EXERCISE OBJECTIVE - Transcribe, word for word, the line containing "Видеокарты модели Radeon" and each line following it through the end of the listing below. Omit all other lines.

*** Block opens ***

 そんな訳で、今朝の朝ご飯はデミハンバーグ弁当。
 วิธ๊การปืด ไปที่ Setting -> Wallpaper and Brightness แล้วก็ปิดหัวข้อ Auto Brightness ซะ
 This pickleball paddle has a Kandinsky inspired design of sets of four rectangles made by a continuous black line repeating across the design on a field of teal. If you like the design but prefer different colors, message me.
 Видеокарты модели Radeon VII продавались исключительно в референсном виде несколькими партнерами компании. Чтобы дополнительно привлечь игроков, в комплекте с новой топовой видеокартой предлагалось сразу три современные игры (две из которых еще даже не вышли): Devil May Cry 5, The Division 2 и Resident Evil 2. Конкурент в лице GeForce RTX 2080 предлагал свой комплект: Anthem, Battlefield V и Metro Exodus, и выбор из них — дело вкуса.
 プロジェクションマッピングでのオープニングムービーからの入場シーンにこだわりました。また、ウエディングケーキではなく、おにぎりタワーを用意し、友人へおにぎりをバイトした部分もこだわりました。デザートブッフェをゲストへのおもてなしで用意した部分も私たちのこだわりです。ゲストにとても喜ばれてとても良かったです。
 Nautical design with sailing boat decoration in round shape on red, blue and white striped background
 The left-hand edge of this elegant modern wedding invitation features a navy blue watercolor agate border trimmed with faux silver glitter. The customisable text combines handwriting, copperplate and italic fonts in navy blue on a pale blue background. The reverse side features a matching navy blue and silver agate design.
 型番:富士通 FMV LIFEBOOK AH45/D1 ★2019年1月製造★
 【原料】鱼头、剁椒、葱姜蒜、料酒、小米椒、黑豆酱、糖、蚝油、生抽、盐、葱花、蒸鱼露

*** Block closes ***

ANSWER SECTION -
 Видеокарты модели Radeon VII продавались исключительно в референсном виде несколькими партнерами компании. Чтобы дополнительно привлечь игроков, в комплекте с новой топовой видеокартой предлагалось сразу три современные игры (две из которых еще даже не вышли): Devil May Cry 5, The Division 2 и Resident Evil 2. Конкурент в лице GeForce RTX 2080 предлагал свой комплект: Anthem, Battlefield V и Metro Exodus, и выбор из них — дело вкуса.
 プロジェクションマッピングでのオープニングムービーからの入場シーンにこだわりました。また、ウエディングケーキではなく、おにぎりタワーを用意し、友人へおにぎりをバイトした部分もこだわりました。デザートブッフェをゲストへのおもてなしで用意した部分も私たちのこだわりです。ゲストにとても喜ばれてとても良かったです。
 Nautical design with sailing boat decoration in round shape on red, blue and white striped background
 The left-hand edge of this elegant modern wedding invitation features a navy blue watercolor agate border trimmed with faux silver glitter. The customisable text combines handwriting, copperplate and italic fonts in navy blue on a pale blue background. The reverse side features a matching navy blue and silver agate design.
 型番:富士通 FMV LIFEBOOK AH45/D1 ★2019年1月製造★
 【原料】鱼头、剁椒、葱姜蒜、料酒、小米椒、黑豆酱、糖、蚝油、生抽、盐、葱花、蒸鱼露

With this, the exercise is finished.